▸ Problem requirements: Begin at the line below that has "12月9日下午,凤凰传媒学院". Stop after the line that has "Illustration of Mischievous", repeating each line exactly and leaving out the pictures.

▸ Material provided:

═══

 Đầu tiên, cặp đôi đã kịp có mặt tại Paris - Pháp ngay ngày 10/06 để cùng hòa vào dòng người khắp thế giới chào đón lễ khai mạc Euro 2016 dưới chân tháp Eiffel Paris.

═══

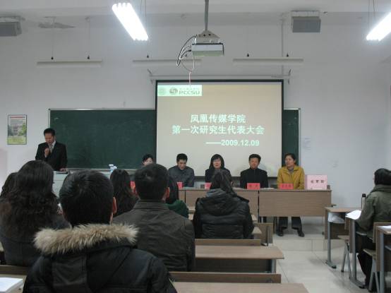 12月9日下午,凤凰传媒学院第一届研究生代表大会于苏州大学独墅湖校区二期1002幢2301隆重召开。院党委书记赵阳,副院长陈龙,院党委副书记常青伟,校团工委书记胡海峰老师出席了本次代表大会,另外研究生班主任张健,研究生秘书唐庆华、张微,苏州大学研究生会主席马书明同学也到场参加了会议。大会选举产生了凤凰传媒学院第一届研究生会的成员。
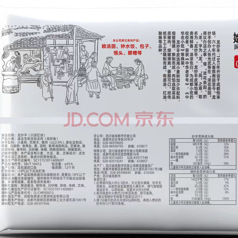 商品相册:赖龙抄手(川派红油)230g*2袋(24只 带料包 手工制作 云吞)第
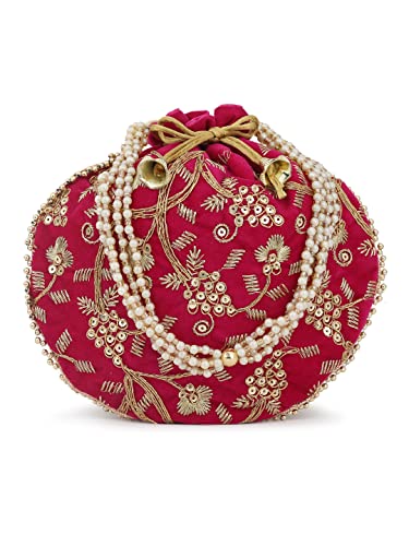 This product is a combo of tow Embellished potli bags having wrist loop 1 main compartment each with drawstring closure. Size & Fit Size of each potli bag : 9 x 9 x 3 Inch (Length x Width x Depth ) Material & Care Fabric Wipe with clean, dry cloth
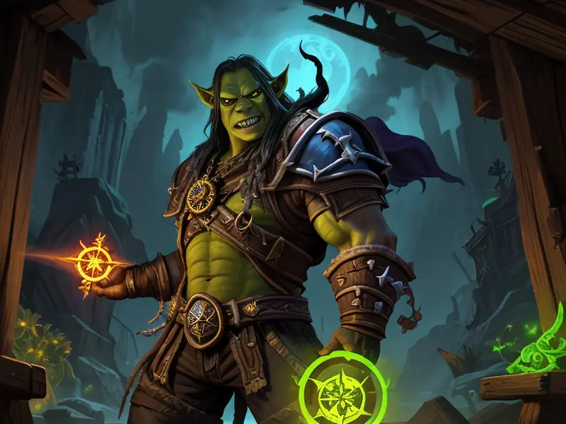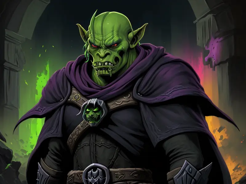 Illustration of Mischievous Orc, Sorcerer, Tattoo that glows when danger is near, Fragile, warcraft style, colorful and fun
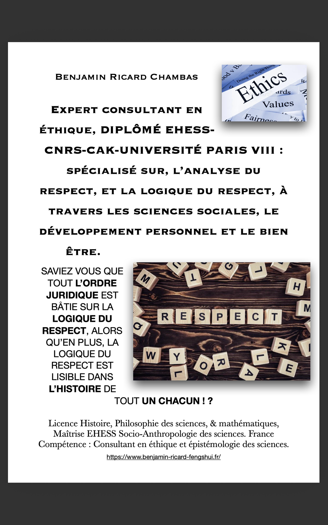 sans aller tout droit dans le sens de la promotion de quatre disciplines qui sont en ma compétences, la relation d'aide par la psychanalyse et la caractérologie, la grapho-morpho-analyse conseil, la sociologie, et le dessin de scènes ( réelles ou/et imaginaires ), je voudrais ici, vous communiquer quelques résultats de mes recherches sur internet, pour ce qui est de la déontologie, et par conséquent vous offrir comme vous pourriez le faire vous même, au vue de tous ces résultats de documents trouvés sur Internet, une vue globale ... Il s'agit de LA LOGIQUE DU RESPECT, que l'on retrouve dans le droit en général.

═══

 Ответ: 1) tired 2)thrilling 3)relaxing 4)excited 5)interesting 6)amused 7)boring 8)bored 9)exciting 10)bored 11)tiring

═══

▸ Reply to the task:
 12月9日下午,凤凰传媒学院第一届研究生代表大会于苏州大学独墅湖校区二期1002幢2301隆重召开。院党委书记赵阳,副院长陈龙,院党委副书记常青伟,校团工委书记胡海峰老师出席了本次代表大会,另外研究生班主任张健,研究生秘书唐庆华、张微,苏州大学研究生会主席马书明同学也到场参加了会议。大会选举产生了凤凰传媒学院第一届研究生会的成员。
 商品相册:赖龙抄手(川派红油)230g*2袋(24只 带料包 手工制作 云吞)第
 This product is a combo of tow Embellished potli bags having wrist loop 1 main compartment each with drawstring closure. Size & Fit Size of each potli bag : 9 x 9 x 3 Inch (Length x Width x Depth ) Material & Care Fabric Wipe with clean, dry cloth
 Illustration of Mischievous Orc, Sorcerer, Tattoo that glows when danger is near, Fragile, warcraft style, colorful and fun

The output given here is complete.